BOPIS FraudOnce Again, Criminals Turn a Consumer Convenience Into an Opportunity for Fraud

June 27, 2023 | 10 min read

This image was created by artificial intelligence using the following prompts:

One cashier of two women is handing the bag of merchandise to the customer at a store, in the style of red and teal.

BOPIS Fraud
  1. Articles
  2. eCommerce Fraud
  3. BOPIS Fraud

In a Nutshell

Buy Online/Pick Up in Store (BOPIS) combines the convenience of online shopping with the flexibility of choosing your pickup time. Consumers love it… but so do criminals, who are leveraging the benefits of BOPIS to commit retail fraud. What is BOPIS fraud? And how can merchants protect their businesses from it?

How the Convenience of “Buy Online Pickup in Store” Shopping Helps Criminals Engage in BOPIS Fraud

Online shopping was a game changer when it first debuted in the late ’90s. For the first time, customers could literally shop from the couch, then have their delivery within a week or two. Later, the introduction of express shipping meant purchases could arrive in just two days, or even less.

The “buy online pick up in store” model (sometimes abbreviated as “BOPIS” or “BOPUS”) offers something even better, though.

BOPIS gives you the ability to make a purchase online and receive your goods within minutes.
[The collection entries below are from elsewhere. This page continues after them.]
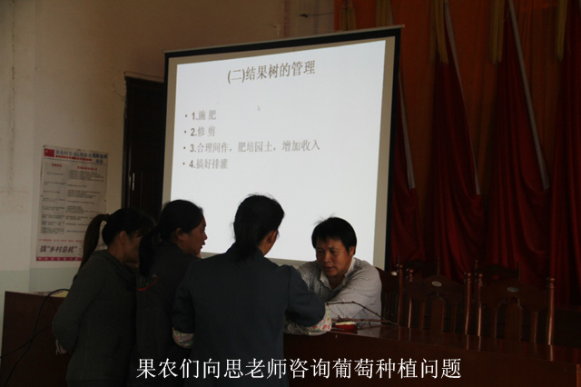 前来听课的有明亮镇9个自然村和一个社区的葡萄种植户近百名,思老师分别从葡萄生产的特点和发展趋势、葡萄的栽培管理技术、葡萄的采收、分级与包装、葡萄病虫害防治等几个方面进行讲解,特别针对讲课之前在上林县图书馆领导的陪同下到生态葡萄种植基地查看葡萄的种植与管理情况:有的葡萄藤出现枯萎,有的存在整形修剪不合理等问题进行了详细的解答。果农们有的拿着照相机拍下了思老师的全部课件,有的在认真的做笔记,整个会场一片安静,果农们都有一种恨不得要把思老师的葡萄种植技术全部带回家的感觉。课后,有的种植户还围着思老师请教自已在种植葡萄中存在的问题并留下了思老师的电话以便日后咨询。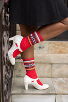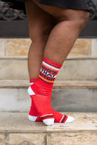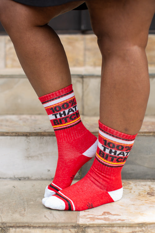 Sporty red socks feature contrasting white heels and toes, top stripes, and the immortal words of Lizzo: 100% THAT BITCH.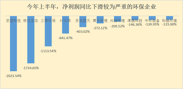 虧損幅度較為嚴(yán)重的當(dāng)屬京藍(lán)科技、鐵漢生態(tài)和三聚環(huán)保,凈利潤分別較去年同期下降了-2023.54%、-1734.65%和-1113.54%,經(jīng)營狀況惡化。
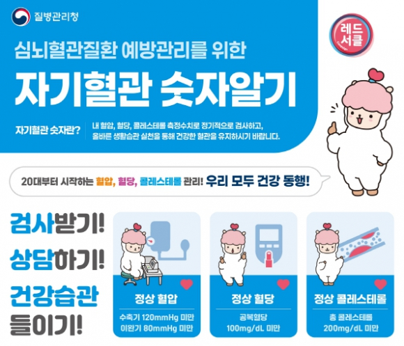 성주군 보건소는 9월 첫째 주 `심뇌혈관질환 예방관리 주간`을 맞아 ‘레드서클, 자기혈관 숫자알기’ 캠페인을 9월 1일부터 30일까지 한 달간 운영한다. 자기혈관 숫자란, 내 혈압, 혈당, 콜레스테롤 측정수치이며 자기혈관 숫자알기는 자신의 혈압, 혈당, 콜레스테롤 수치를 알고 관리하는 것이다. 정기적으로 검사하고 올바른 생활습관을 실천하여 정상수치를 유지하는 것에 대한 중요성을 이번 캠페인을 통해 홍보한다. 성주군은 심뇌혈관질환예방관리사업에서 2년 연속 경상북도 내 최우수상을 수상하며 지역주민의 만성질환 예방관리를 위해 힘쓰고 있으나, 최근 20~40대 비만이 증가하고 건강행태가 악화됨에 따라 50대 이상에서 만성질환이 지속적으로 증가하고 있어, 이를 예방하기 위해 청‧장년층 관리하고자 2040세대를 대상으로 ‘자기혈관 숫자알기’ 집중 홍보를 실시할 예정이다. 성주군 보건소 관계자는 ˝이번 캠페인을 통해 군민들이 자신의 혈관 건강에 대한 관심을 갖고, 생활 속에서 건강 수치를 꾸준히 관리하는 습관을 형성하는 계기가 되기를 바란다˝며, ˝앞으로도 다양한 예방관리 프로그램을 통해 군민들의 건강을 지키는 데 최선을 다하겠다˝고 말했다.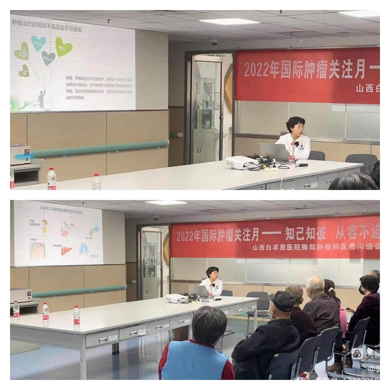▲山西白求恩医院肿瘤中心胸部肿瘤科医患沟通会现场。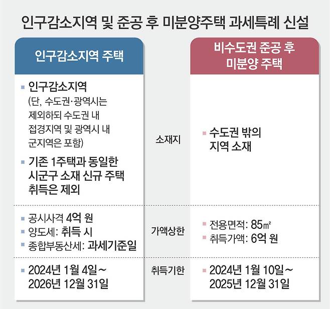 다음으로 추가로 신설된 비수도권 소재 준공 후 미분양 주택의 취득 요건을 살펴보자. 혜택은 같지만 주택의 요건은 조금 다르게 설정되어 있다. 소재 지역은 수도권 밖의 지역이면 해당이 된다. 취득하는 미분양 주택은 전용면적 85㎡ 이하, 취득가액이 6억 원 이하여야 한다. 그리고 취득기간은 2024년 1월 10일부터 2025년 12월 31일까지다. 따라서 요건에 맞는 인구감소지역 주택 또는 비수도권 준공 후 미분양 주택을 추가 취득하더라도 취득 전과 같이 1가구 1주택 특례를 그대로 유지할 수 있다.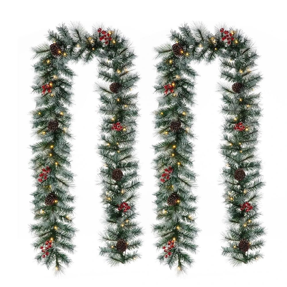The 9ft Frosted mixed tips Pine garland provides ample length to easily adorn doors, mantles or banisters, making this versatile decoration ideal for any situation. Each of the 150 tips is modeled to a pine tree’s while the frosted design creates a winter wonderland around your home. Red berries and pinecones among the needles add an extra holiday touch to this garland. It creating the perfect holiday touch for your home.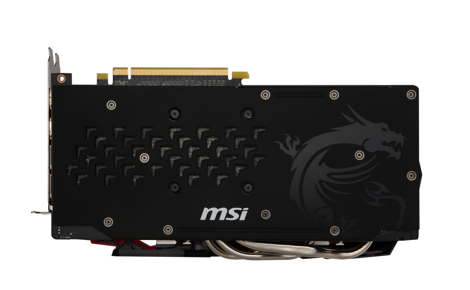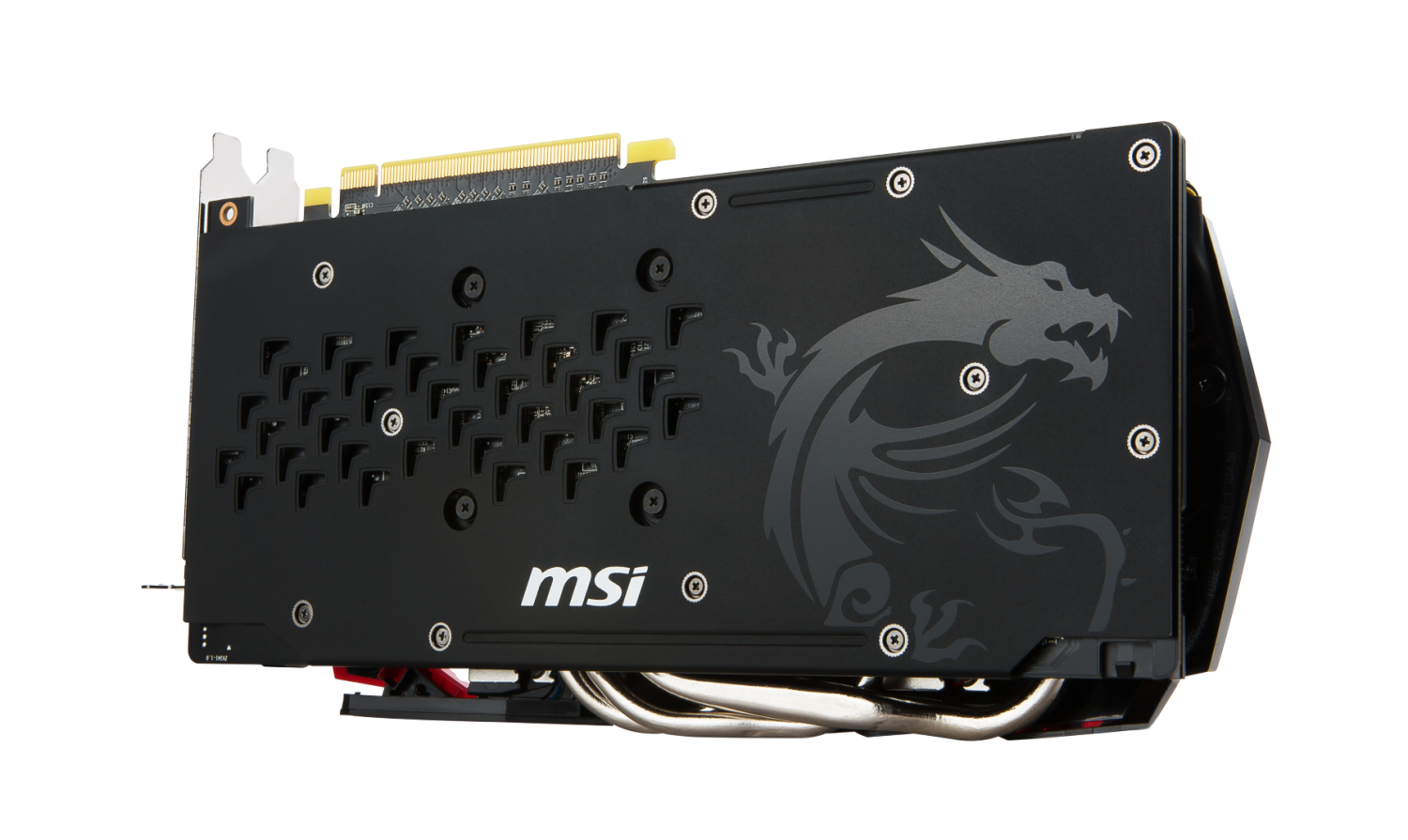 Comenzamos con su diseño ya que los cuatro modelos muestran el disipador negro y rojo con un diseño bastante agresivo. En el lado de la tarjeta hay un logo de MSI personalizable al ser iluminado por luces RGB y que puede ser ajustado con el software MSI Gaming. En la parte trasera tenemos un back plate completo para las tarjetas Gaming X y por el lado de la refrigeración tenemos dos ventiladores frente al disipador que posee tres heat pipes de 8mm. Estas heat pipes están aplanadas al llegar a la base de cobre niquelado para tener un mejor contacto con el núcleo del GPU y así aumentar la transferencia de calor. Este disipador está algo “recortado” de acuerdo a otras versiones utilizadas en tarjetas de mas alto nivel, pero debería ser suficiente para mantener las temperaturas de esta serie bajo control.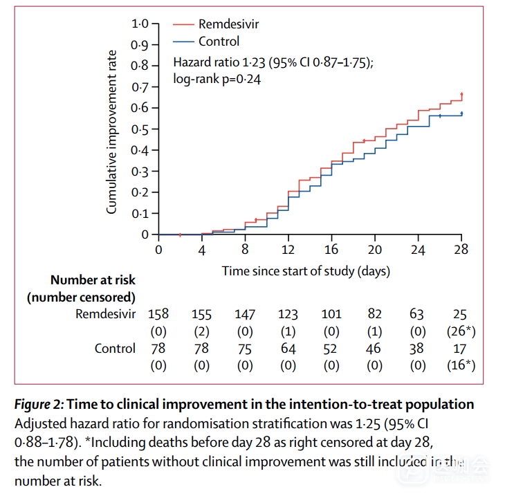 最终随访时间为2020年4月10日。ITT分析中,瑞德西韦组与对照组的至临床改善时间无明显差异(瑞德西韦组21.0天[IQR 13.0–28.0];对照组23.0天[15.0–28.0];HR 1.23 [95%CI 0.87-1.75];图2)。PP分析得出类似的结果(HR 1.27 [95%CI 0.89-1.80])。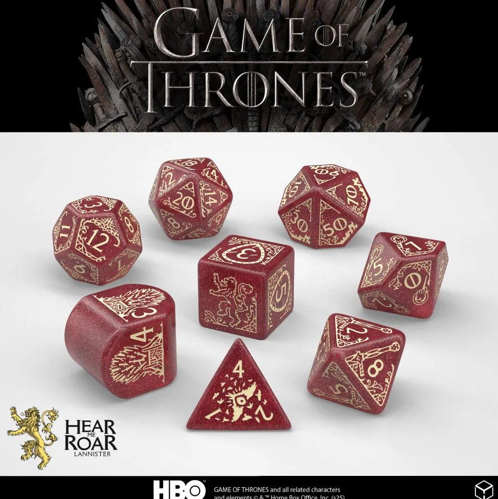 The Markings of Lannisters – The highest value faces of each dice feature markings known to the GoT fans: the iconic lion sigil, the Hand of the King’s brooch, Casterly Rock, and the words Hear Me Roar!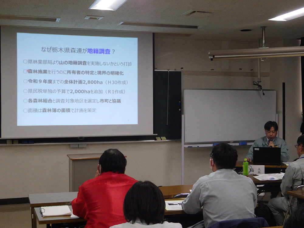 | 研修内容 | (1)栃木県矢板市における地域林政アドバイザーの取組について (令和元年度から継続した森林経営管理制度等の取組支援) 講師:矢板市農林課林政推進室地域林政アドバイザー 福田 昭 氏 (2)栃木県森林組合連合会で取り組む地籍調査 講師:栃木県森林組合連合会業務課長兼地籍調査室長 大嶋 康平 氏 |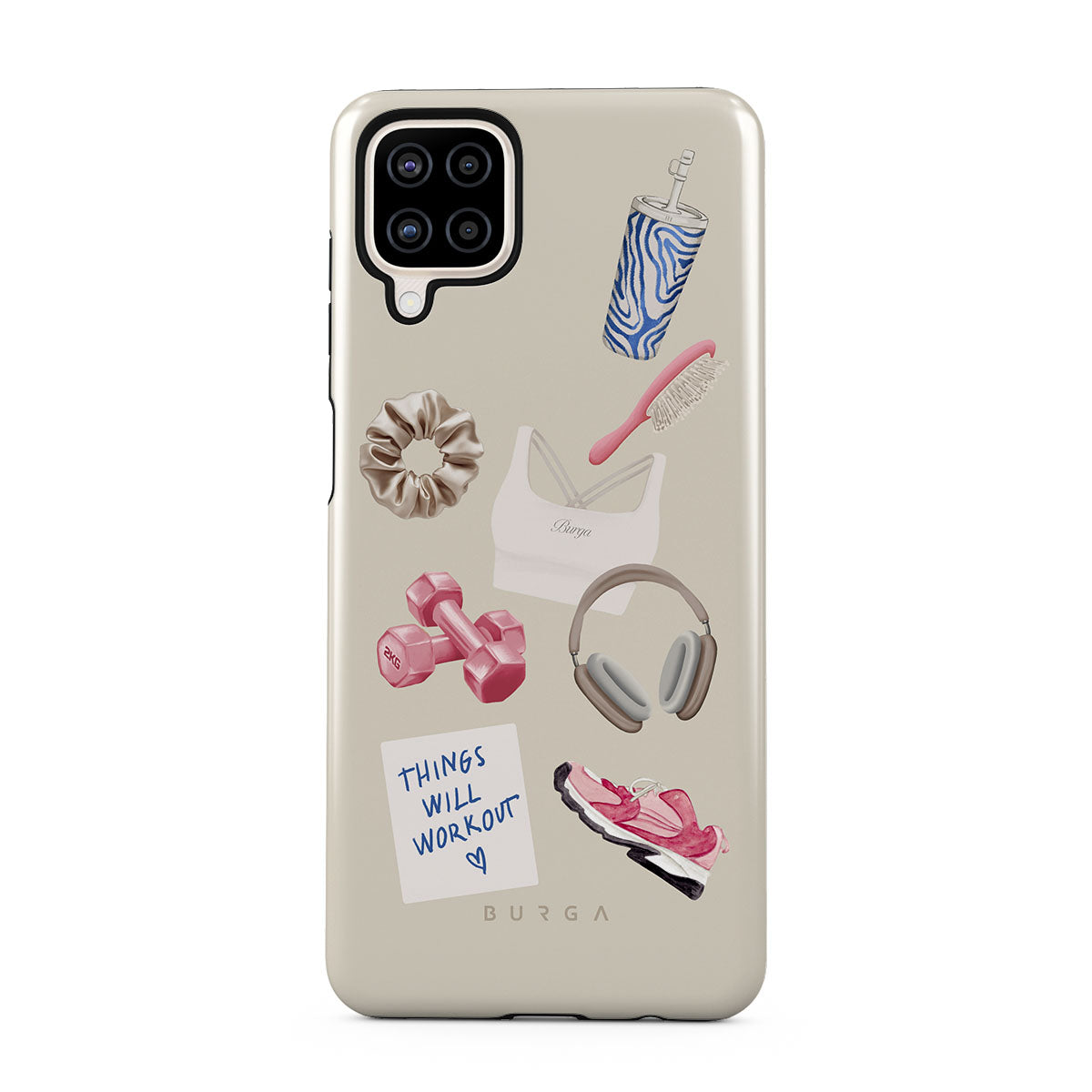 Den här stilen har: hantlar, hörlurar, vattenflaska, hårborste, rosa träningsskor, sport-bh, Crunchie-bar, post-it "Things Will Work Out".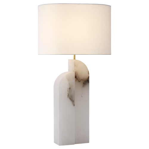 Savoye Large Left Table Lamp in Alabaster with Linen Shade.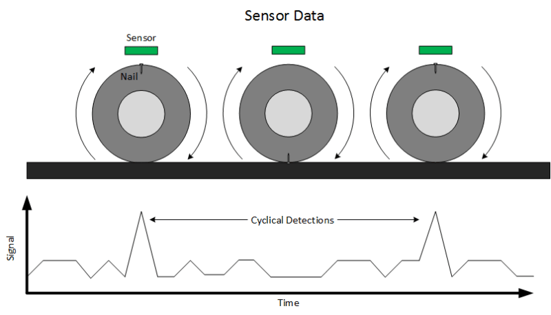 Early detection of nails and screws can be accomplished through the use of sensors. An appropriate “metal detector” (many varieties will do) is installed in a vehicle, mounted above each of its tires. Then, the signal from the sensor is analyzed to detect any cyclical patterns. The detection is limited in its range, so that it does not pick up spurious signals from other environmental factors, such as the valve stem, wheel-balancing weights, and road debris. Signal processing then accounts for background noise, vehicle suspension, and road conditions to alert the operator the moment foreign debris is acquired. The operator is notified, given them precious time to schedule maintenance and avoid disaster.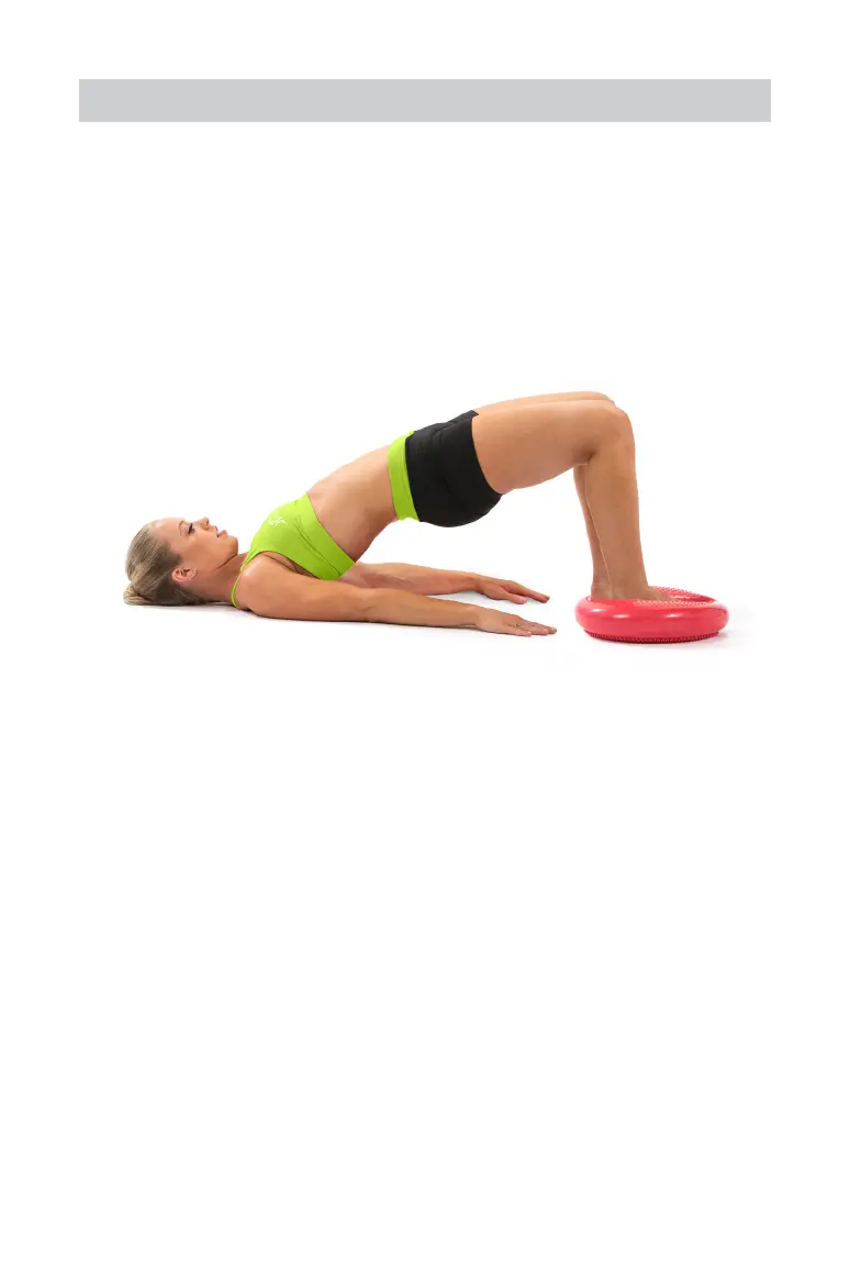 Press up through your heel, raising hips toward the ceiling and exing glutes.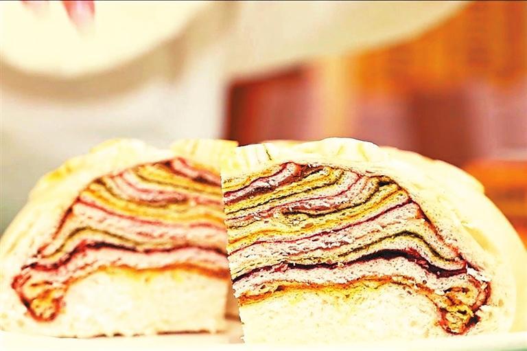 母親最拿手的還是做千層大月餅,做法與平常做饃有點(diǎn)不一樣,發(fā)好面后取適量揉好,切成同樣大小的若干份并搟壓成長(zhǎng)方形的薄面皮。一層薄皮一層餡,餡料與烙的糖饃有的不一樣,重在色澤,每層分別抹上姜黃、紅曲、苦豆(香豆)粉、芝麻、菜籽油、糖玫瑰、葡萄干,黃、紅、黑、綠相間,一層黃一層綠一層紅一層黑,一層白糖一層紅糖一層玫瑰糖,一層一層摞好,做成一個(gè)六七層的圓餅。最后用薄皮蓋住一摞摞面皮,餅邊捏緊捏好后壓花塑形,表面用模型壓花,用專用做飯梳子一行行點(diǎn)上,或一行白鷺上青天,面皮如一塊畫(huà)布,精雕細(xì)琢,怎么好看怎么做,做得隨心所欲又精心設(shè)計(jì)。還會(huì)刷姜黃與菜籽油拌好的油料,撒上芝麻粒和葡萄干,一個(gè)千層餅就基本成型了。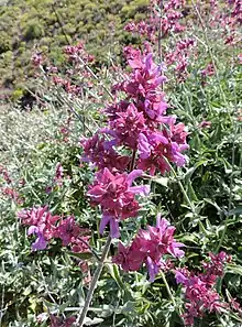 Salvia canariensis, the Canary Island sage, is an erect perennial shrub native to the Canary Islands. It can reach 2.0–2.3 m in height and 1.5 m width in a single season. The hastate leaves are pale green, and the stems and underside of the leaves are covered with long white hairs. The flowers range from pale purple to deep purple magenta.[1]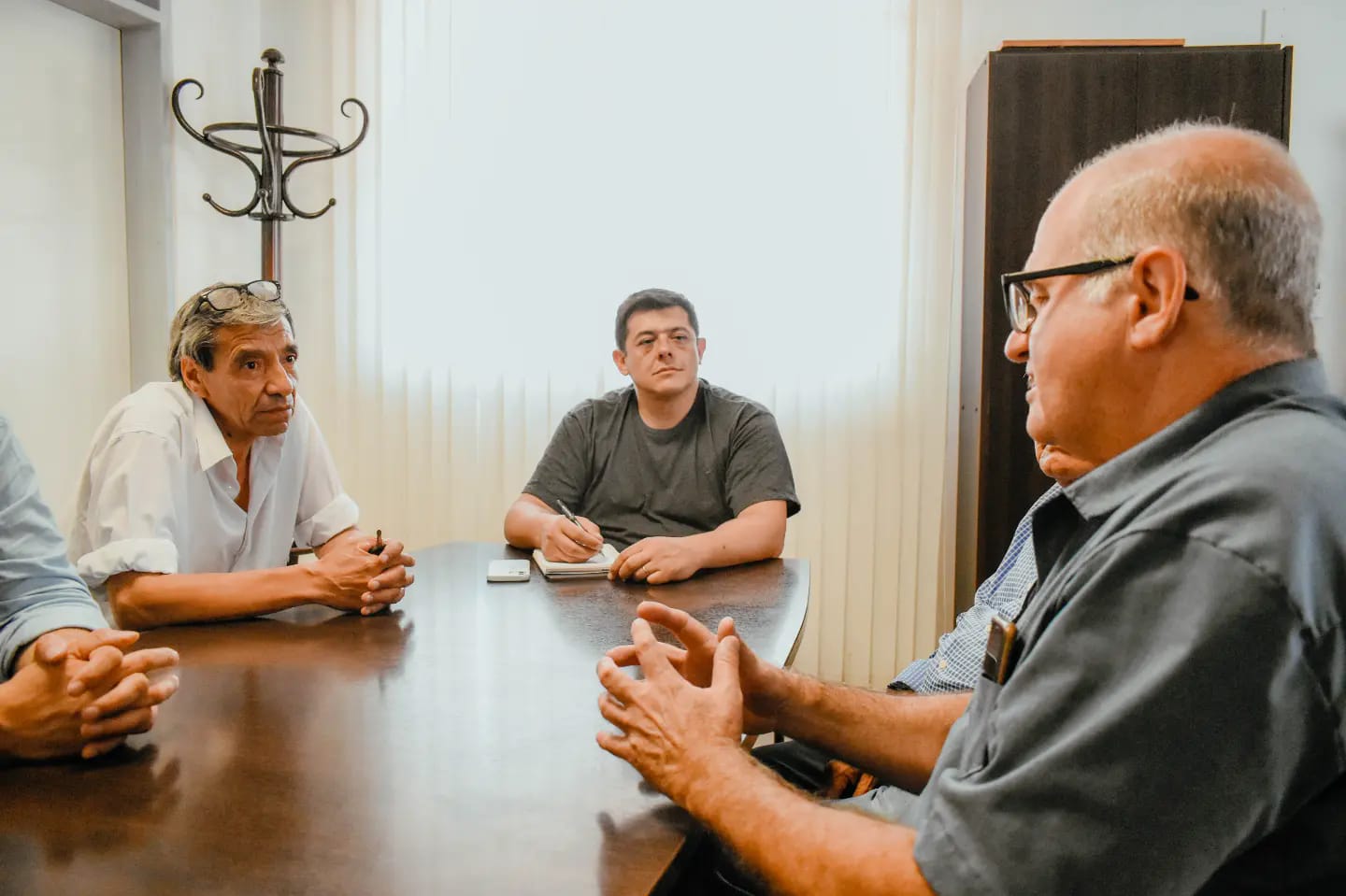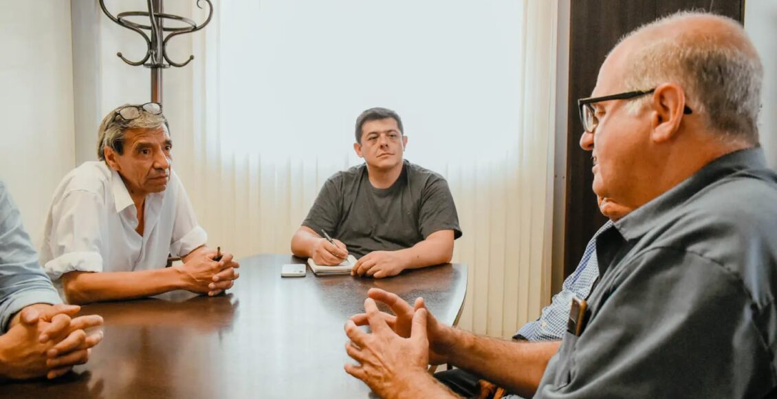 El intendente Matías Espejo lideró una reunión clave con destacadas autoridades, incluyendo al director General de Hidráulica, Luis Kulichevsky, el secretario de Recursos Hídricos y Energías Renovables, David Devia, el consejero de la Tercera Zona Bajo Riego, Atilio Garzón, y el responsable de Hidráulica en Jáchal, Danilo Vera.

All you have to do is pop over to the store and claim your items. For example, you can place an order at work, then stop and grab it on the way home, often without even going inside the store. It’s a new level of convenience for consumers… but that doesn’t always make things easier for merchants.

BOPIS has opened a whole new front in the fight against criminal activity. Now, BOPIS fraud is one more thing retailers have to deal with.

Recommended reading

What is BOPIS Fraud?

BOPIS Fraud

[noun]/boʊ • pus • frôd/

BOPIS fraud refers to any criminal activity committed through “buy online pickup in store” channels. Here, criminals can pick up online orders at the physical store as a way of bypassing normal security protocols deployed in both eCommerce and physical retail.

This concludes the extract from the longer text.